Typically people try to avoid politics and other potentially divisive topics during a fun sports celebration, but no matter what your political perspective is, you’re likely to see something that resonates this year. Democratic presidential hopeful Michael Bloomberg and President Donald Trump are going to be airing ads during the game. Alex Rakestraw, a senior strategist at creative agency Deutsch New York, points to how this could be an opportunity for brands to work in some humor—like “if a beer brand branded both … spots as “National Fridge-Run Moments.”

At digital agency Levelwing, CEO and co-founder Steve Parker Jr. writes about his experience in strategizing behind 10 Super Bowl spots over the past 13 years. Teasing the ads, releasing multiple iterations with Easter eggs and carrying the conversation started at the Super Bowl well into the following months, he writes, makes game day “an opportunity to be game year, providing a much bigger and more far-reaching opportunity than ever before.”

When marketers hit on a tactic that works for making a successful Super Bowl spot, you can be sure we’ll see it repeated over the next few years. But just because it was successful for one brand doesn’t mean it will be for another.
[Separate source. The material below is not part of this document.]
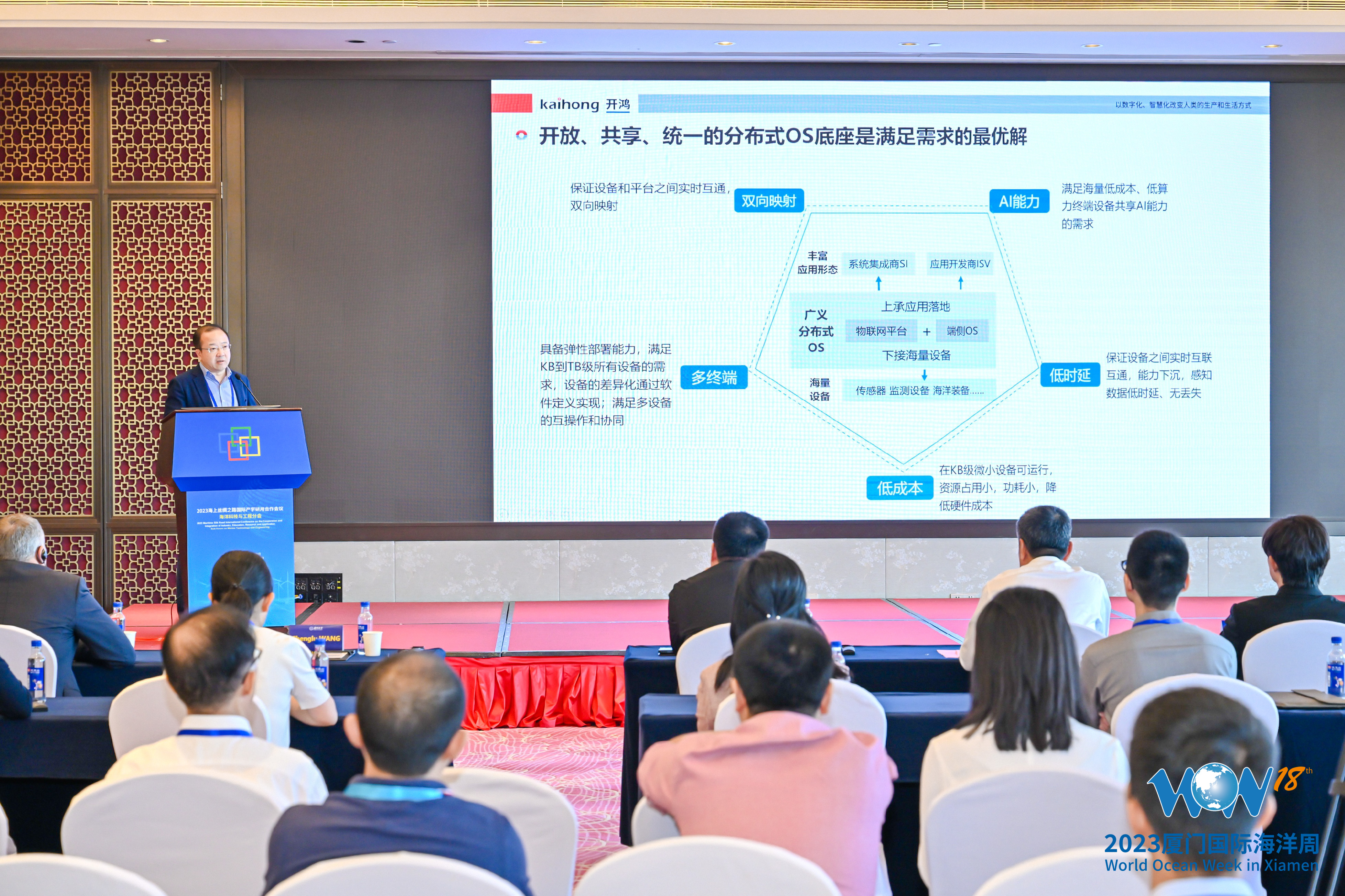 本次会议对于我国积极推进数字孪生海洋开发应用布局,实现数字孪生海洋创新技术的自立自强和国际引领,具有重大意义。会上,深开鸿CEO王成录受邀发表开幕致辞,同时分享了《开鸿安全数字底座,赋能海洋数字孪生未来》主题演讲,介绍了基于国产操作系统KaihongOS的开鸿安全数字底座赋能智慧海洋高质量发展路径。

Scott Conway, creative director at full-service agency Mering, notes five trends we see over and over again in Super Bowl ads that marketers can avoid—or at the very least, use as a jumping-off point. “If you’re lucky enough to work on a Super Bowl spot, take it as an opportunity to be a creative contrarian,” he writes.

So many notable Super Bowl spots from over the years resonate without relying on tropes. Not every Super Bowl ad needs a big celebrity, catchy top song or cheesy humor, but sometimes, those elements combine to truly entertain. Max McKeon, creative director at creative agency Colenso BBDO, discusses four that had just the right balance.

Remember Y2K? Most people can at least say they’ve heard of it, even if they don’t completely understand what the big fuss was about. Around the same time, the Super Bowl saw a unique trend: dot-com brands flooding in to snag a coveted Big Game slot. Debika Sihi, assistant professor of business at Southwestern University, goes through some of the companies that took out ads during the Super Bowl in the early 2000s such as Pets.com, which folded shortly after its “now-infamous dog sock puppet” character, and Computer.com, which spent all of its investor capital on Super Bowl spots that never made the money back. It begs the question: What will we be looking back on in 20 years as cringeworthy or era-shaping?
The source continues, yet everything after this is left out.